As early as track one, it becomes clear that Murdoch is that rare thing of the 1990s: a new important voice with something original to say. His lonely, frail falsetto sings [2b] 'The State I Am In’s opening couplet more or less a capella before the band gradually kick in one by one. Any album that starts with the line ‘I was surprised, I was happy for a day in 1975’ shows right away that it doesn’t take its own overwhelming seriousness too, err, seriously. And yet this is a song of real sadness and loneliness, a narrator pushed so far over the edge in a confused world that all of the usual touchstones other people believe in are topsy-turvy. He got married not for love but to save a friend from 'being deported' whose since fallen in love with somebody else. He hides his sexuality from his family, scared of their re-action rather than finding them nurturing. He finds himself kicking away the crutches his friends lean on. He turns to religion and finds God doesn't want him either. He turns everywhere and nowhere, running round and round in circles trying to find solace in something but all he can do is sigh, wearily, over 'the state that I am in'. The traditional cornerstones of traditional life seem to be blown wide apart on this track’s lyric: marriage, religion, sexuality, unemployment: everything that used to seem secure in the old world is changing but only the narrator seems to be noticing or particularly caring about any of this. By the end of the song things are no better - the narrator has escaped  out of his own trapped head but only onto a bus that also goes round and round in circles, with no destination in mind, while he sits on it feeling 'dangerous' ('sinister' is Murdoch's later word for the same meaning). There's a moment of mourning near the beginning of the song when the narrator realises just how alone he really is, when he's joined by the most aching longing guitar lick in history that makes you put your arms around the speakers to comfort the narrator that it's all going to be ok.

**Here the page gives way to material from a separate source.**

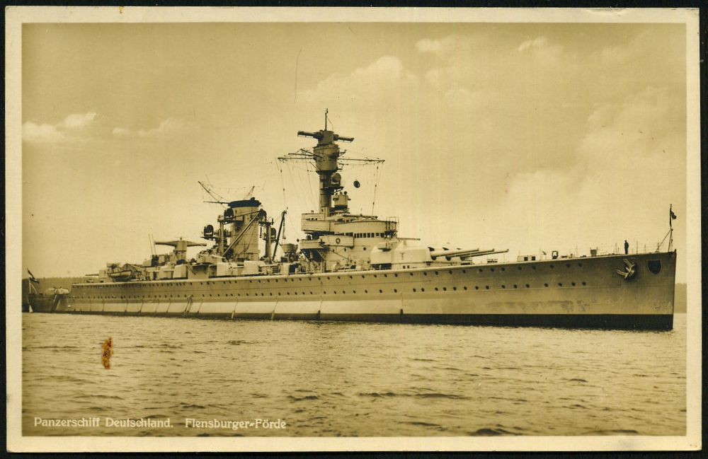 3060 | 10 € | DEUTSCHE KRIEGSMARINE 1933-1939 : DEUTSCHES REICH 1935 (ca.) s/w.-Foto-Ak.: Panzerschiff "Deutschland", Flensburger Förde (kl. Fleckchen) ungebr. (ohne Uhv.) | ![]() | |
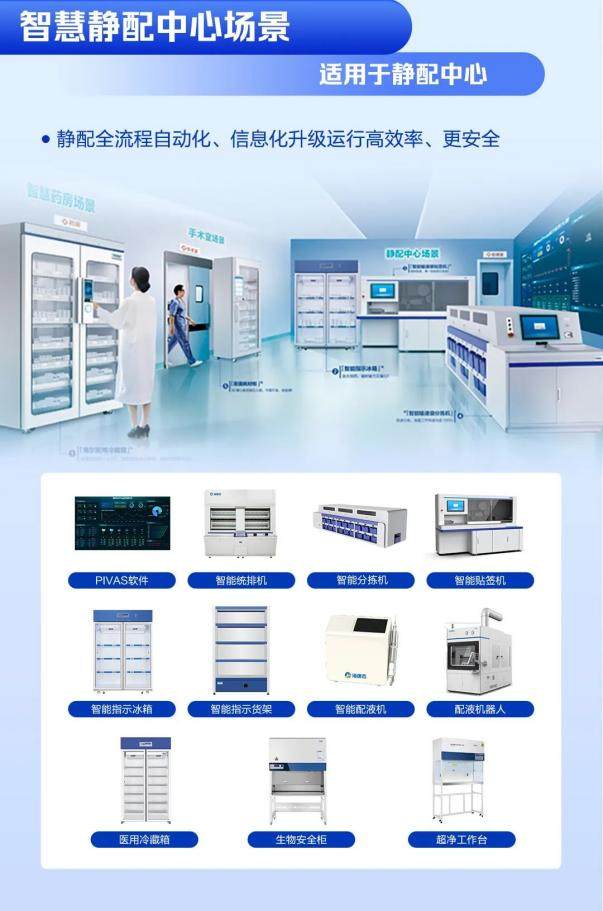 在静脉药物配置领域,智慧静配中心方案实现了智能药品盘点机、智能剥盖机、冷藏箱等全方位布局,让药品试剂零损耗、零差错,省时一半,全程追溯。

And yet this is not an altogether sad song. Murdoch is laughing at himself here, mocking his blues by having a priest write down his life story and reading it back to a congregation as a sign of what not to do and his own driftless life turning books round in Marks and Spencers because he has nothing better to do ('they don't seem to mind'). Trapped in tragedy, all Murdoch can do for escape is turn this song into a comedy. As early as this first track on the first album, Belle and Sebastian have already put into place their career-long and pretty much unique method of passing off their comedy lyrics with tunes and delivery full of such pathos and solemnity that you can’t do anything but treat the song as serious prose. 'The State I Am In’s  breathtaking journey, rattled off in long expressive verses in a seemingly offhand way, positively weep with unfulfilled longing, with the narrator trying to do the best thing by all the people he knows—but finding that this outlook too is being swept aside by the new guard and his support for others (such as his marriage to beat the deportation board) just gets him into more trouble with others suspicious of his motives. This feeling of utter confusion is then doubled when matched against a typically wide-reaching melody that bounces from major to minor keys, echoing its protagonists journey from saint to sinner and his confusion as to which actions make him which. Murdochs’ detached vocal rises above it all with a sleepy contempt, but  even this makes it clear that he’s an angel – or at least it would if the rough edges were taken out of the song but that is kind of the point I suppose, the narrator tries hard to be seen as an angel but there’s always something uncomfortable about how other people views his moral code and his beliefs in how to live his life. Either way, Murdoch’s charismatic if uncertain leads make many of these early songs special, with their gorgeous quiet timbre that nicely echoes his often uncertain characters, and all of this goes double for this track which features one of his best vocals of all. In short, everything about 'The State I Am In' works well and the result is a terrifically constructed album opener that slowly sucks you in and layer by layer grabs your attention despite its low key status. Murdoch could have written just this one song and I'd still have him down as the single best interpreter of 1990s society.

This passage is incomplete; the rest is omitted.